$N$ real numbers such that many $9$-sets have integer sum.

Question

We have $N\geq 9$ distinct positive reals numbers in range $[0,1)$ such that whenever we pick $8$ of them, there is another one (different from the first $8$) so that their sum is an integer. What are the possible values of $N$?

Clearly $N=9$ works, just take $9$ distinct reals adding to $1$. But I have not been able to figure out other values. However, we can notice that there are at least $\frac{\binom{N}{8}}{9}$ subsets of $9$ elements which have an integer sum, and this sum must be among $\{1,2,3,4,5,6,7,8\}$. So at least one of the numbers appears at least $\frac{\binom{N}{8}}{72}$ times. I get a feeling that this is impossible for large $N$.

Answer 1

Partial result: The case $N=10$ is impossible.

Pf: Suppose we had $10$ of them, sorted as $0<a_1<\cdots <a_{10}$.

let $x=a_1+\cdots a_8$ We know that either $x+a_9$ or $x+a_{10}$ is an integer.

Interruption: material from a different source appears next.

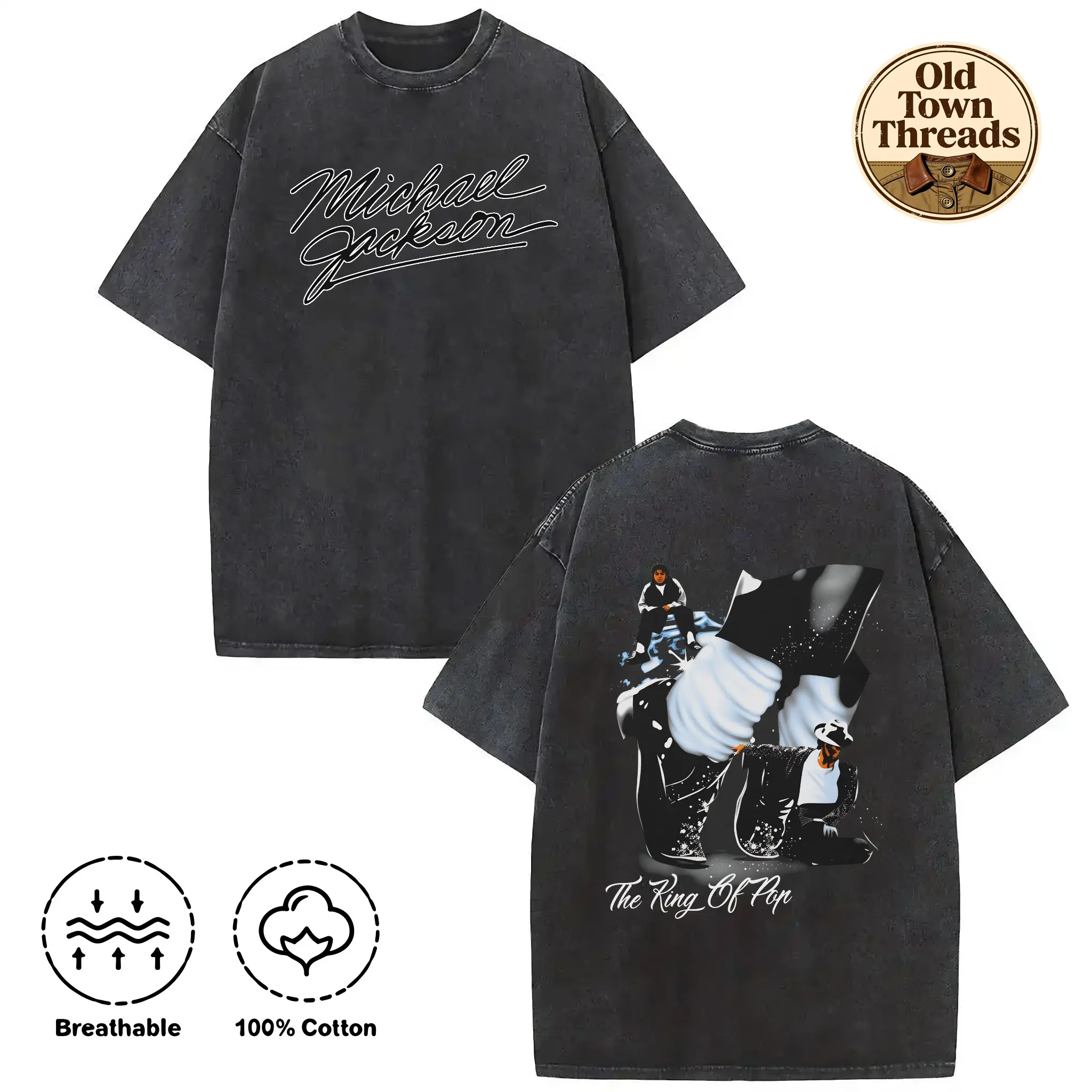 Washed T-shirt, 100% cotton, double-sided printed design Michael, King of Pop Legend - MJ lovers, Retro Music Legend T-MJMichael Jackson King Of Pop Moonwalk T-Shirt Michael Jackson T-Shirt

Remark: they can't both be integers as $0<a_{10}-a_9<1$

Case I: $x+a_9$ is an integer.

Then define $y=a_2+\cdots +a_8+a_{10}$ Which of $a_1$ and $a_9$ should we add to get an integer? It can't be $a_1$ by the remark above, so it must be $a_9$. But then $(y+a_9)-(x+a_9)=y-x=a_{10}-a_1 \in \mathbb Z$, a contradiction.

Case II: $x+a_{10}$ is an integer.

Then define $y=a_2+\cdots a_{9}$ Which of $a_1$ and $a_{10}$ should we add to get an integer? It can't be $a_1$ by the remark above, so it must be $a_{10}$. But then $(y+a_{10})-(x+a_{10})=y-x=a_{9}-a_1 \in \mathbb Z$, a contradiction.